Passages like that show Caryl Phillips’s writing at its best: economic, vigilant, evocative. Much of the novel’s current is flowing through the narrows of those few dialogue sentences, which convey the image of two people who have lost their homes and who have spent the rest of their lives fleeing as they seek a new place of refuge, an asylum in both senses of the word. But Phillips’s gift for character and his elaborate craftsmanship with narrative form are not always in use, and in other passages he can overwrite to the point of clumsiness. Here he is describing a pub interior, the first scene in Dorothy’s humiliating campaign to entrap the schoolteacher Geoff Waverley:

The place is populated with after-work couples, the men with slightly loosened ties, and the women pull- ing nervously on cigarettes and speaking with an animation that no doubt eludes them when they are in the office. And then there are the regulars; old men with dun-coloured jackets nursing their solitary pints of beer, and middle-aged women with pinched faces and sugar-sabotaged teeth, who slump in their seats and wait in the dull hope that something approximating to love might once again show itself.

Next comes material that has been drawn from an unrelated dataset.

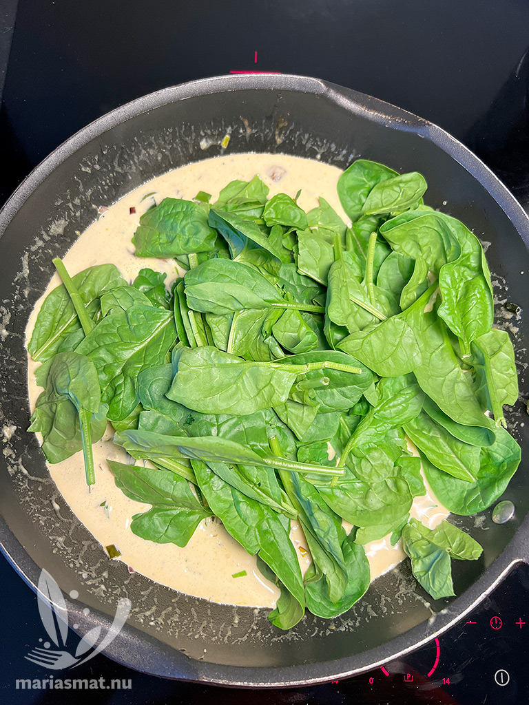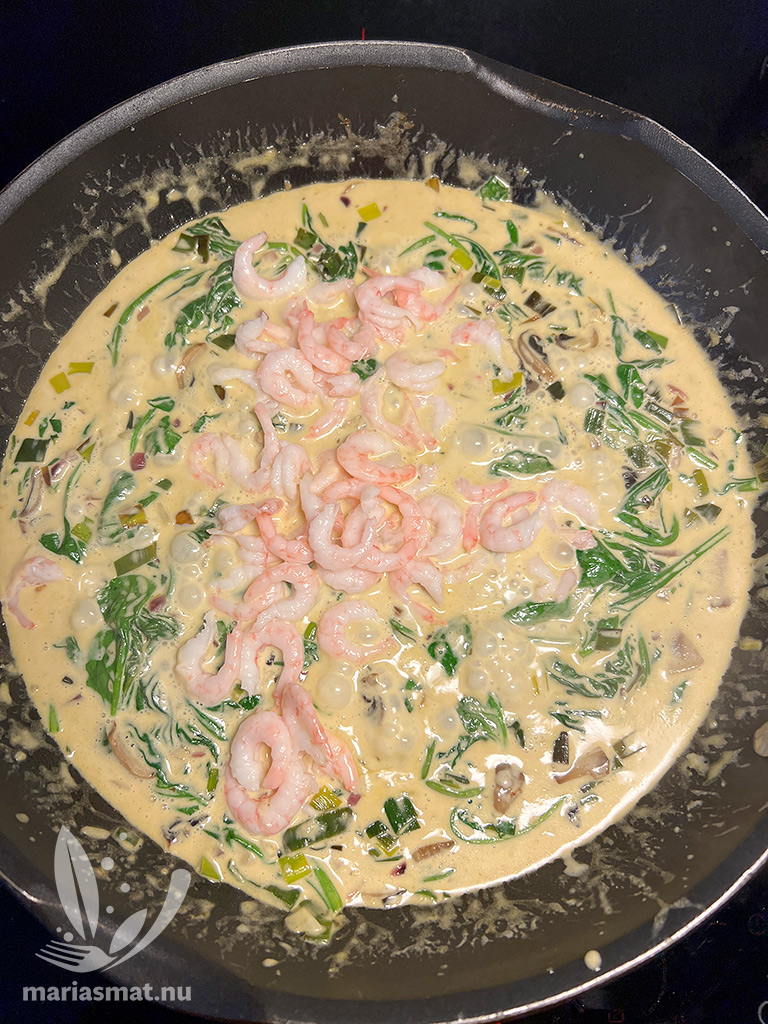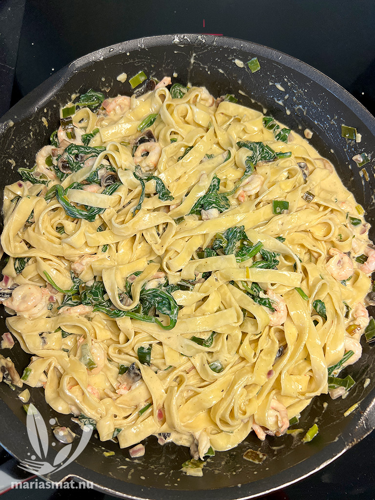 Tillsätt grädde, creme fraiche, pesto samt färsk spenat och låt allt puttra ihop. Smaksätt med salt & peppar. När pastan kokat klart, häll av – spara lite pastavatten – och häll ner pastan i stekpannan tillsammans med räkor. Blanda om, så all pasta får lite av pastasåsen. Om du upplever att det är för lite pastasås, tillsätt lite av pastavattnet.

It takes a careful reading of this paragraph to see that it is in fact not the author but Dorothy, staring around the pub as she waits for Geoff to buy the first round, who is imagining “the dull hope [for] something approximating to love” behind the faces of other women. It’s easy to understand what effect Phillips is trying to create in this scene, and why, but the way it is done seems contrived.

A Distant Shore could have been two stories. One would have been Gabriel/Solomon’s tale of war, flight, and the search for refuge in an alien culture. The other is the story of a quieter flight, the destruction of a respectable woman whose own family and country—as she has honored and remembered them—gradually recede into an impossibly “distant shore,” separated from the present by an ocean of treachery and vileness. There is no obvious connection between a refugee risking his life to reach a cold country that does not want him and a middle-aged English schoolteacher wondering why nobody wants her. But Caryl Phillips has imagined the subtle ways in which Solomon and Dorothy are brought to recognize each other.

It is not just the “distant shore,” the sense of internal or external exile that they share. It is also guilt before the accusing dead. Both have fearsome dreams and delusions about their parents, who warn them of danger (Solomon) or sneer at them from the grave (Dorothy). Above all, though, the two share the need for a language in which to speak about themselves to another person with the confidence that they will be heard and understood. Solomon begins to feel that he will be able to talk to Dorothy about his African past, about his part in an atrocious war and about the shopkeeper’s murder, which weighs on his conscience. Dorothy begins to realize that a bond of trust is growing between her and this “coloured man” who wants her to talk openly about her own abject, disappointed life: “I had a feeling that Solomon understood me.” Sadness pervades this perceptive novel because the reader knows, after the first forty pages, that this language will never be spoken.